Mehr deutsche Soldaten nach Afghanistan
26. Januar 2010Nach einem Treffen mit den Spitzen der im Bundestag vertretenen Parteien teilte Bundeskanzlerin Angela Merkel am Dienstag (26.01.2010) mit, 500 der 850 zusätzlichen Soldaten seien für "Schutz und Ausbildung" zuständig. Die übrigen 350 könnten als "flexible Reserve" etwa zur Beobachtung von Wahlen eingesetzt werden. Ihr Einsatz müsse jedoch jedes Mal vom Verteidigungsausschuss des Bundestages genehmigt werden. Derzeit sind am Hindukusch rund 4500 deutsche Soldaten stationiert.
Die Zahl der deutschen Polizeiausbilder solle von 123 auf 200 erhöht werden, betonte Merkel. Zudem sollten die Gelder für den Wiederaufbau des kriegszerstörten Landes nahezu verdoppelt werden: Sie sollen von 220 schrittweise auf 430 Millionen Euro steigen.
Merkel wies darauf hin, dass die Afghanistan-Mission ein gefährlicher Einsatz bleibe.

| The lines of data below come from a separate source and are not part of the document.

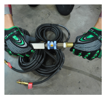
Step 4. Connect the other end of outlet hose to the air pressure release valve.
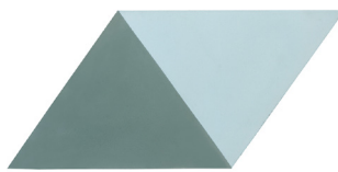
Neenish River Mint
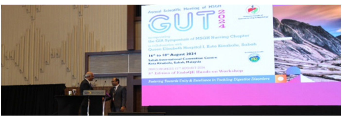
GUT meeting held at the Sabah International Convention Centre, Kota Kinabalu, Sabah
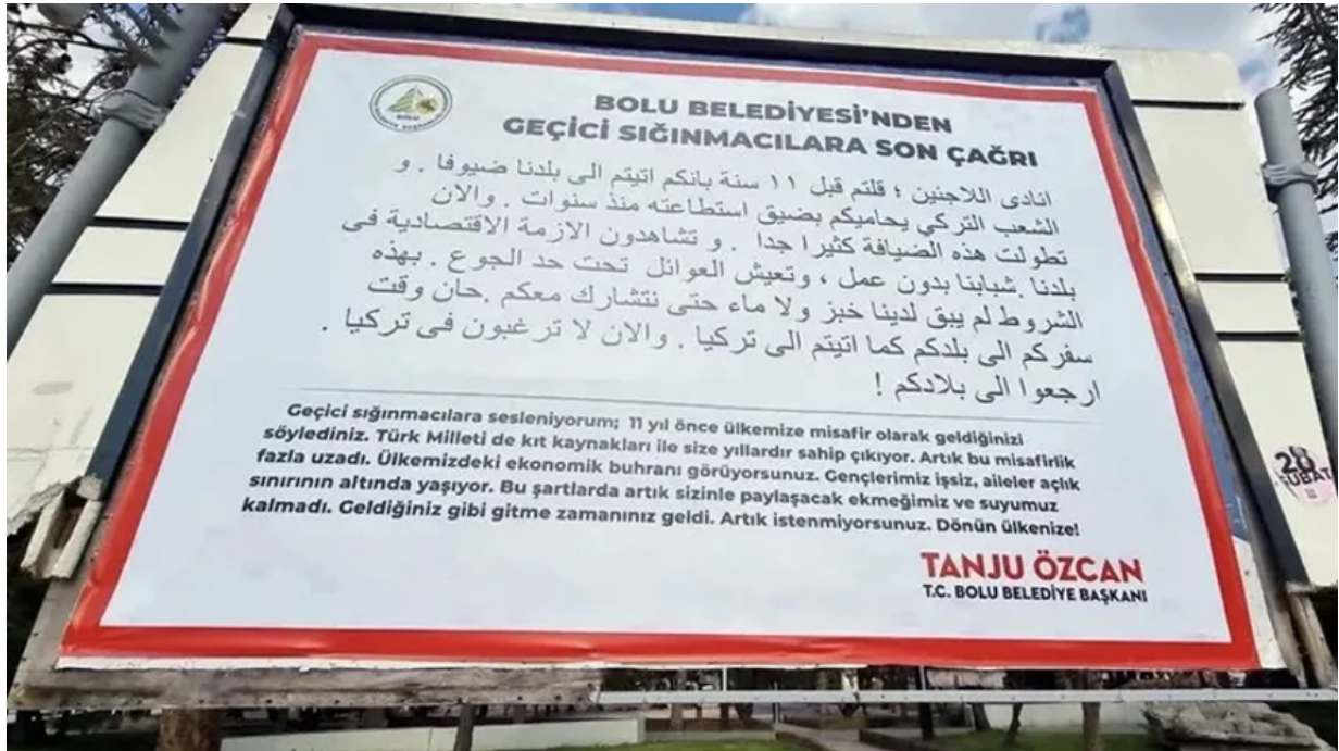
A billboard in Bolu

understand,” referring to the government’s Islamist roots and the Syrians, adding, “Enough is enough!!!”
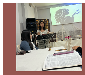
Ladies meeting celebrating Women's Day.
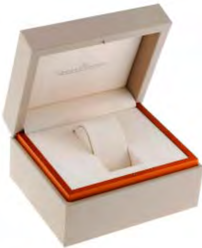
JAEGER-LECOULTRE - a complete watch box. £50-80

Für eine reale Abzugsperspektive müsse zunächst Stabilität geschaffen werden. Auf ein konkretes Datum für den Abzug der deutschen Truppe aus Afghanistan wollte sie sich nicht festlegen. Es werde aber der Ansatz der afghanischen Regierung unterstützt, bis 2014 selbst für die Sicherheit des Landes sorgen zu können.

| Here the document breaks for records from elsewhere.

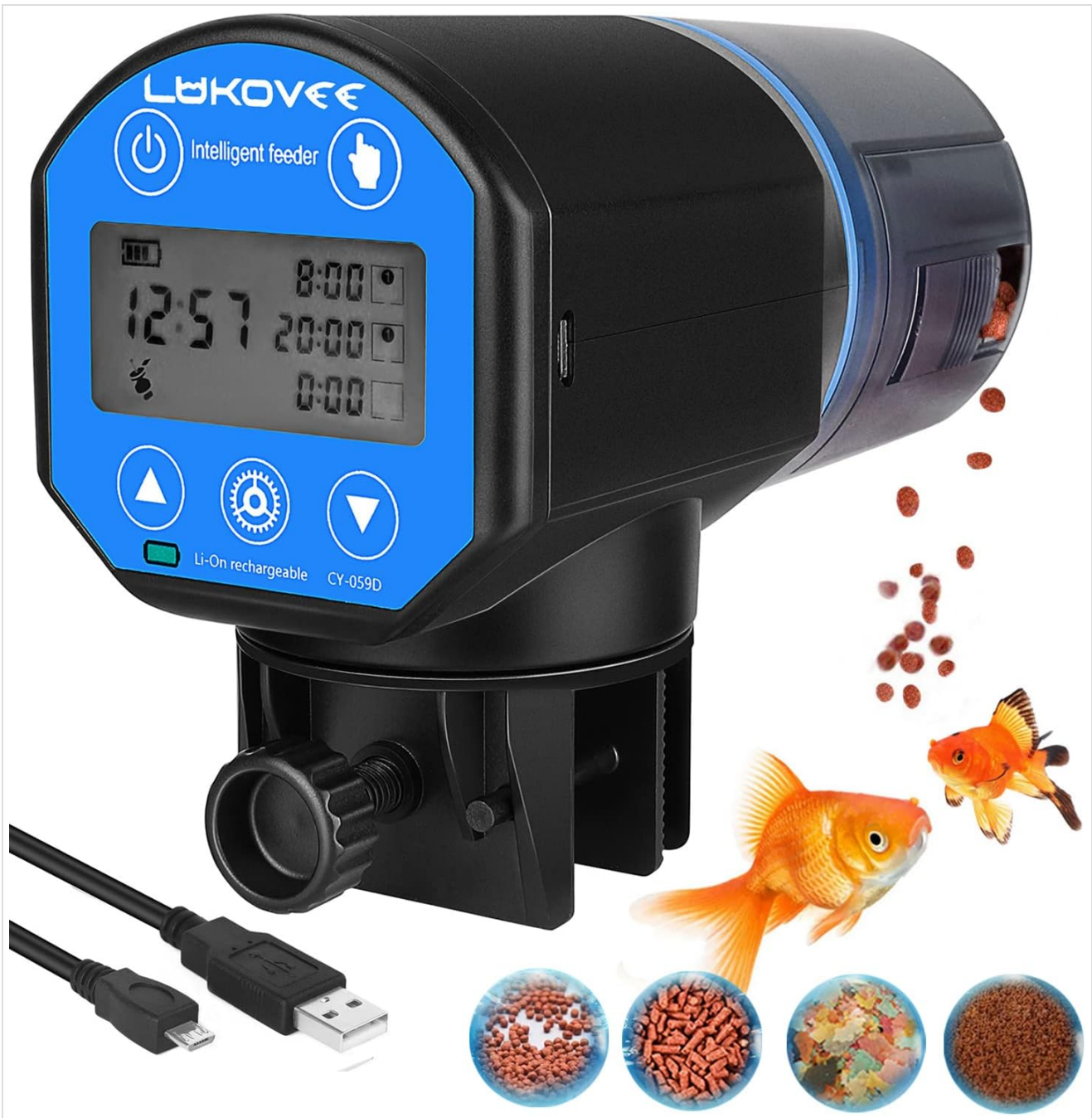
Figure 1: Lukovee Automatic Fish Feeder
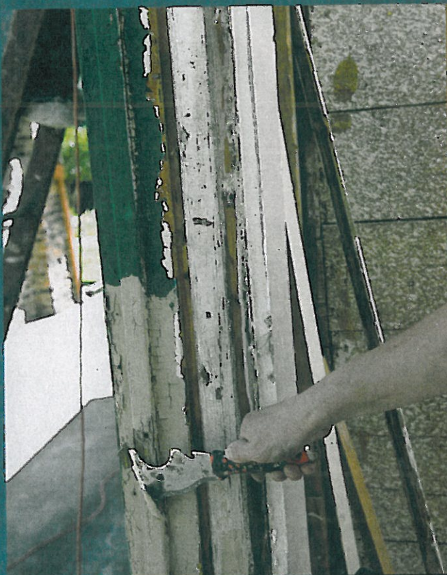
Armed with her 5-in-1 painter's tool, Pam begins cleaning up the window frame by scraping away layers of flaking paint.
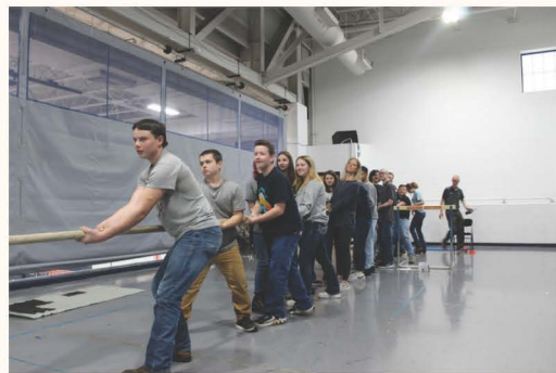
Students from Farristown Middle School prepare to face off against Madison Southern AFJROTC Cadets in a tug-o-war battle. Each group of visiting students from both schools begin their AFJROTC tour by participating in this fun event.
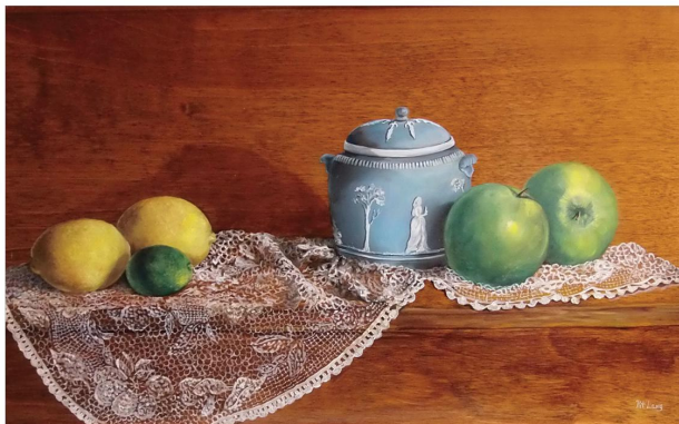
<Blue Spice Jar

She moved from drawing to oil painting in her late teens. She visited galleries to study famous works, and

Entwicklungshilfe wird kräftig aufgestockt
Zugleich kündigte die Kanzlerin deutsche Hilfe für die Wiedereingliederung von Taliban an, die sich von ihren radikalen Überzeugungen gelöst haben. Dafür wolle die internationale Gemeinschaft binnen fünf Jahren einen Fonds von insgesamt 350 Millionen Euro aufbauen, an dem sich Deutschland in zweistelliger Millionenhöhe beteiligen wolle. Insgesamt – so Merkel weiter - werde jetzt die Etappe der Übergabe der Verantwortung an die afghanische Regierung beginnen.
Merkel hatte das Afghanistan-Konzept der Regierung am Montagabend mit einer Ministerrunde im Kanzleramt festgelegt. Am Mittwoch will sie das Maßnahmenpaket in einer Regierungserklärung vor dem Bundestag erläutern. Am Donnerstag soll Außenminister Guido Westerwelle den Vorschlag dann der Afghanistan-Konferenz in London vorlegen. Über eine Erweiterung des Afghanistan-Mandats muss der Bundestag entscheiden.
Mehr Präsenz in der Fläche
Bundesentwicklungsminister Dirk Niebel (FDP) erläuterte, der Schwerpunkt der Mission werde deutlich in Richtung ziviler Aufbaumaßnahmen verlagert. Auch solle die Bundeswehr künftig mehr Präsenz in der Fläche zeigen. Wenn sich die Soldaten in ihren Camps "einigeln" würden, könnten sie die Lebensbedingungen der Menschen nicht verbessern, betonte er. "Wir wollen ausdrücklich keine Militarisierung, sondern ein abgestimmtes Vorgehen". Es sei sinnvoll und notwendig, stärker in die Fläche zu gehen, da die Masse der Menschen auf dem Land lebe.
SPD wird heftig umworben
Die Regierungsparteien CDU, CSU und FDP setzen darauf, dass sie von der Opposition zumindest die SPD mit ins Boot holen können, um den Soldaten einen größeren Rückhalt im Parlament zu signalisieren. Die SPD-Führung hatte in den vergangenen Tagen eine Erhöhung der "Kampftruppen" abgelehnt und einen Rückzug der Bundeswehr bis 2015 verlangt.
Demgegenüber zeigte sich der SPD-Verteidigungsexperte Rainer Arnold offen für eine Aufstockung der deutschen Truppe in Afghanistan. Im Südwestrundfunk sagte er: "Eines geht natürlich nicht: den Soldaten immer wieder neue Aufgaben zuzuteilen, da ist natürlich ganz klar, dafür brauchen sie auch die Mittel, und deshalb muss man auch über Personal reden." Ein größeres Truppenkontingent sei allerdings nur eine der Voraussetzungen für ein sinnvolles Afghanistan-Konzept. Notwendig sei, dass parallel dazu die zivile Hilfe und der Polizeiaufbau verbessert werden.